Academic Engaged Time (AET) 


This outcome assesses the amount of time a student spends engaged in academic activities. In Walker et al. 

(1998) and Walker et al. (2009), academic engaged time (AET) was collected for each participant during 15-minute 
classroom observations according to procedures outlined in Stage 3 of the Systematic Screening for Behavior 
Disorders (SSBD) protocol. The SSBD is a nationally normed, multistage assessment approach developed by 
Walker and Severson (1990). 11 AET observations measured how often the child was (a) attending to the teacher, 

(b) making appropriate motor responses (e.g., following directions), (c) asking for assistance in an appropriate 
manner, (d) cooperating with others, and (e) being appropriately involved in teacher-assigned tasks and activities. A 
stopwatch was allowed to run as long as the child was academically engaged and stopped whenever he or she was 
not engaged during the observation period. The time on the stopwatch was divided by the amount of time observed 
and then multiplied by 100 to derive an AET percentage score (as cited in Walker et al., 1998). 

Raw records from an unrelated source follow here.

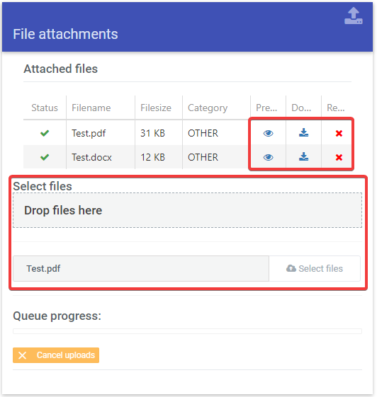 - Click on "select files" (see the image on the right) which will open the file explorer with your documents. From there you can select the document you want to upload to the EC. Again, the category needs to be selected before the file can be attached to the EC (see image below). Click save to finish the upload.
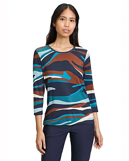 Кофта сочетает в себе яркий стиль и максимальный комфорт. Её рукава три четверти добавляют лёгкости и современности, а абстрактный узор из темно-синих, бирюзовых, коричневых и белых волнистых полос создаёт неповторимый визуальный эффект. Такая модель станет прекрасным дополнением вашего гардероба, позволяя создавать интересные и оригинальные образы, которые обязательно обратят на вас внимание и подчеркнут вашу индивидуальность.
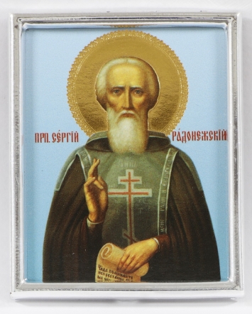 Икона в пластмассовой рамке 4х5 металлизированная Сергий Радонежский

Child Behavior Checklist Teacher Report 
Forms (CBCL-TRF): Aggression Subscale 


The Child Behavior Checklist (CBCL) is a nationally normed measure, developed by Achenbach (1991). 12 The 
Teacher Report Form (TRF), in conjunction with the CBCL, is one component of the Achenbach System of 
Empirically Based Assessment (ASEBA). The Aggression Subscale consists of 33 items on which teachers can 
rate a child’s aggressive problem behaviors (as cited in Walker et al., 1998). 


Early Screening Project (ESP): Adaptive 
Behavior Subscale 


This is a multi-method screening procedure that integrates teacher ratings and behavioral observations. It was 
designed by Walker, Severson, and Feil (1995) 13 and is described as a downward extension and adaptation of 
the SSBD. This subscale consists of eight items that measure teachers’ ratings of adaptive behaviors (as cited 
in Walker et at, 1998). 


Early Screening Project (ESP): 
Maladaptive Behavior Subscale 


This is a multi-method screening procedure that integrates teacher ratings and behavioral observations. It was 
designed by Walker et al. (1995) 13 and is described as a downward extension and adaptation of the SSBD. 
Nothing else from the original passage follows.